The Supreme Court on Wednesday exonerated the six accused, including scientists S Nambi Narayanan and Sashi Kumar, in the Indian Space Research Organisation espionage case.

A division bench comprising Justices M K Mukherjee and S S M Quadri also quashed a notification of June 27, 1997, which enabled the state police to reopen the case after the Central Bureau of Investigation recommended its closure.

In a 35-page judgment, the SC has directed the Kerala government to pay a compensation of Rs 100,000 to each of the accused.

Besides Narayanan and Shashi Kumar, K Chandrasekhar, an agent of a Russian firm, businessman S K Sharma and two Maldivian nationals, Fouzia Hassan and Mariam Rasheeda, were also charged with passing on drawings and documents relating to the Viking engine and cryogenic technology to foreign agents five years ago.

They had been charged under sections three and four of the Indian Official Secrets Act, 1923.

The special branch of the Kerala police initially investigated the case. Later the CBI took over and, finding the allegations of espionage false, recommended closing the case. The chief judicial magistrate of Ernakulam, too, acquitted the six.

However, the Marxist government headed by E K Nayanar got the state police to reopen the investigation.

The withdrawal notification was challenged before the Kerala high court which held the notification as valid.
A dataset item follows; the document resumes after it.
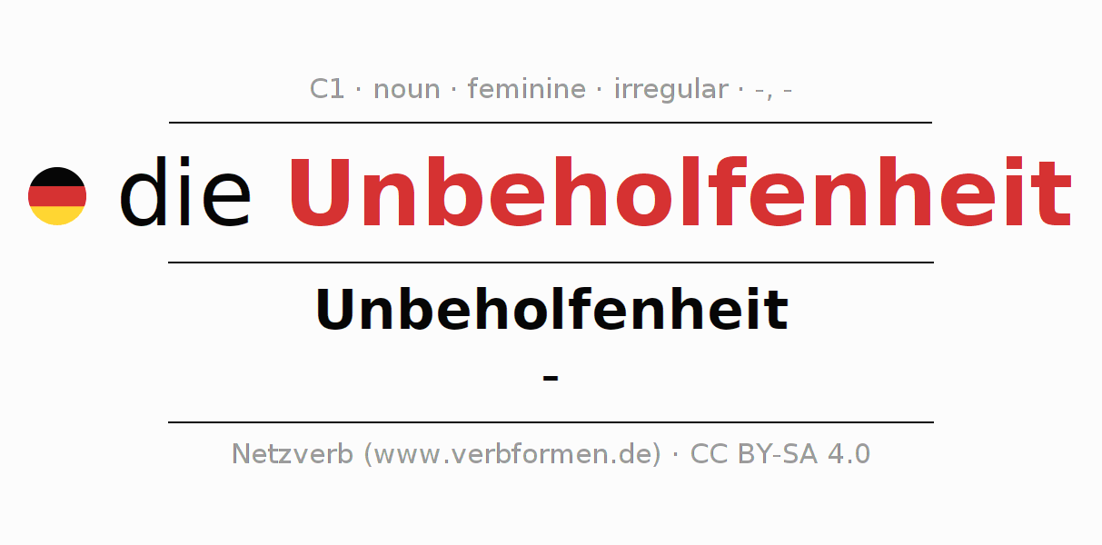 The declension of Unbeholfenheit as a table with all forms in singular (singular) and plural (plural) and in all four cases nominative (1st case), genitive (2nd case), dative (3rd case) and accusative (4th case). Especially for German learners the correct declension of the word Unbeholfenheit is crucial.

Whereupon it was appealed in the apex court.

The SC observed that no investigation started by the CBI with the consent of a state government could be stopped midway.

''Even if we hold that the state government had the requisite power and authority to issue the impugned notification, still the same would be liable to be quashed on the ground of malafide exercise of power, eloquent proof of which had come on record in the instant case,'' the judges observed.
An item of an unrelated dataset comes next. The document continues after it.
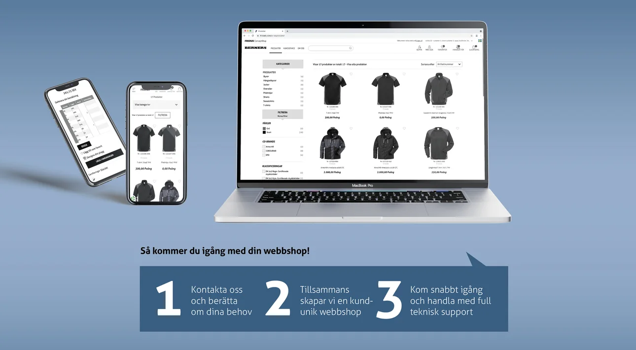 Vi vet att dina kunder har viktigare saker för sig än att handla kläder. Därför har vi skapat Fristads ConceptShop för slutkund – en komplett och användarvänlig e-handelslösning där din kund kan göra affärer med dig och med några knapptryck beställa sina arbetskläder från en av Europas ledande tillverkare. En kundanpassad webbutik som effektiviserar din kunds inköpen av arbetskläder och skyddsutrustning. Här kan din kund se sina priser och beställa profilerade kläder med snabba leveranser. Fristads ConceptShop är så klart öppen 24/7, så beställning kan läggas när det passar kunden!

On studying the CBI report which runs to over 100 pages, the judges found it had made a detailed investigation from all angles before deciding the allegations were false.
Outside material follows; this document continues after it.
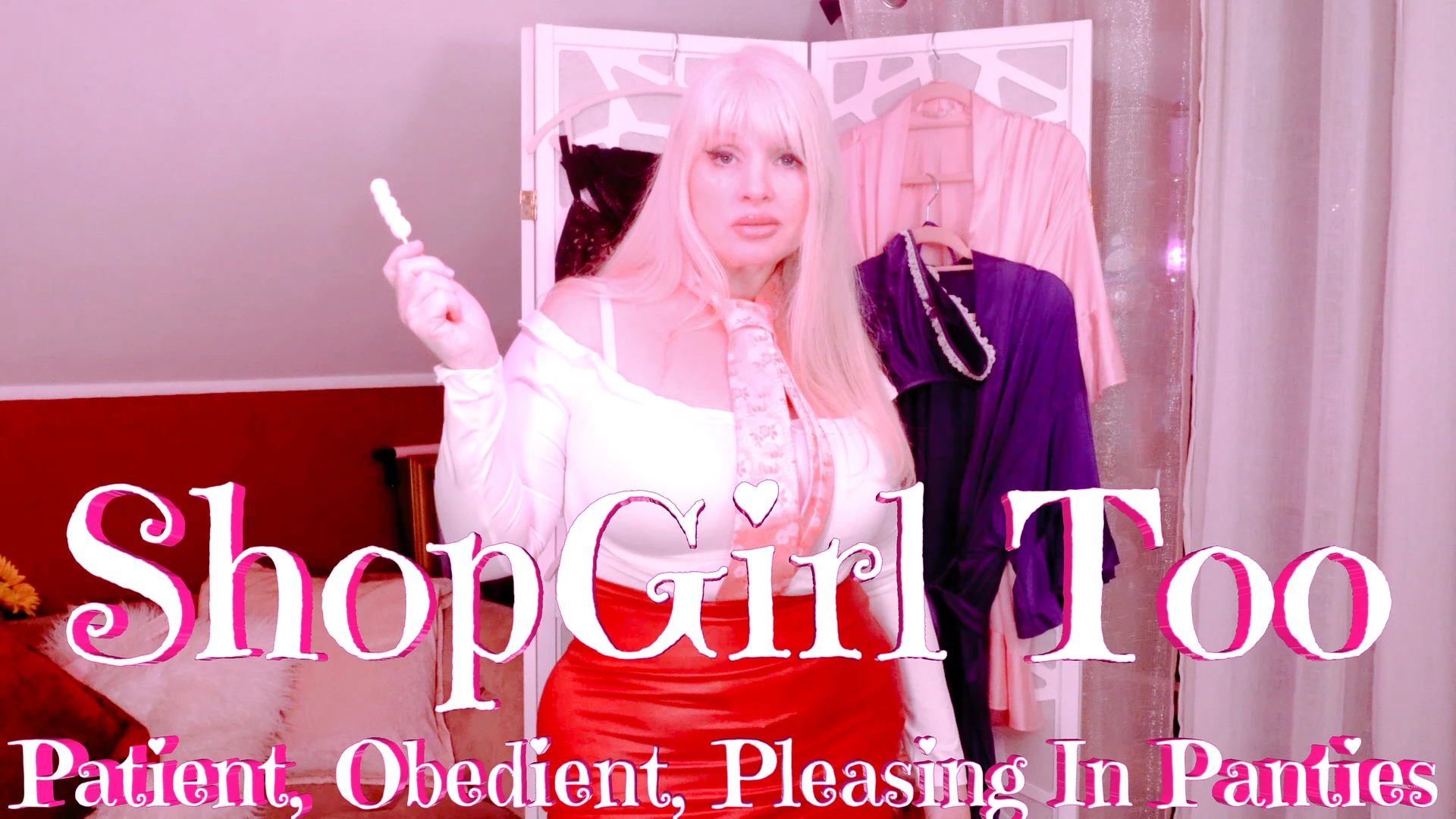 In part TOO of ShopGirl, Rosie and you begin to get a lot closer as you've become her right hand shopgirl as a very cohesive store management team. You begin to get more assignments now where you will be asked to show the other girls how it is done. You've become admirably the best panty model and sales woman in the shop. Today at the shop, we begin with lessons on patience, obedience, and pleasing Domme Rose in Pretty Satin Panties!

The court said the Indian government had, by supporting the case of the accused in the high court, made it abundantly clear it was satisfied with the CBI's investigation and was strongly opposed to any attempt to reopen the case. Despite this, the court noted, the state government had been pursuing the matter zealously, knowing fully well that the accused could be prosecuted only at the central government's instance.

''We are constrained to say that the issuance of the impugned notification does not comport with the known pattern of a responsible government bound by the rule of law. This is undoubtedly a matter of concern and consternation. We say no more, '' the judges observed.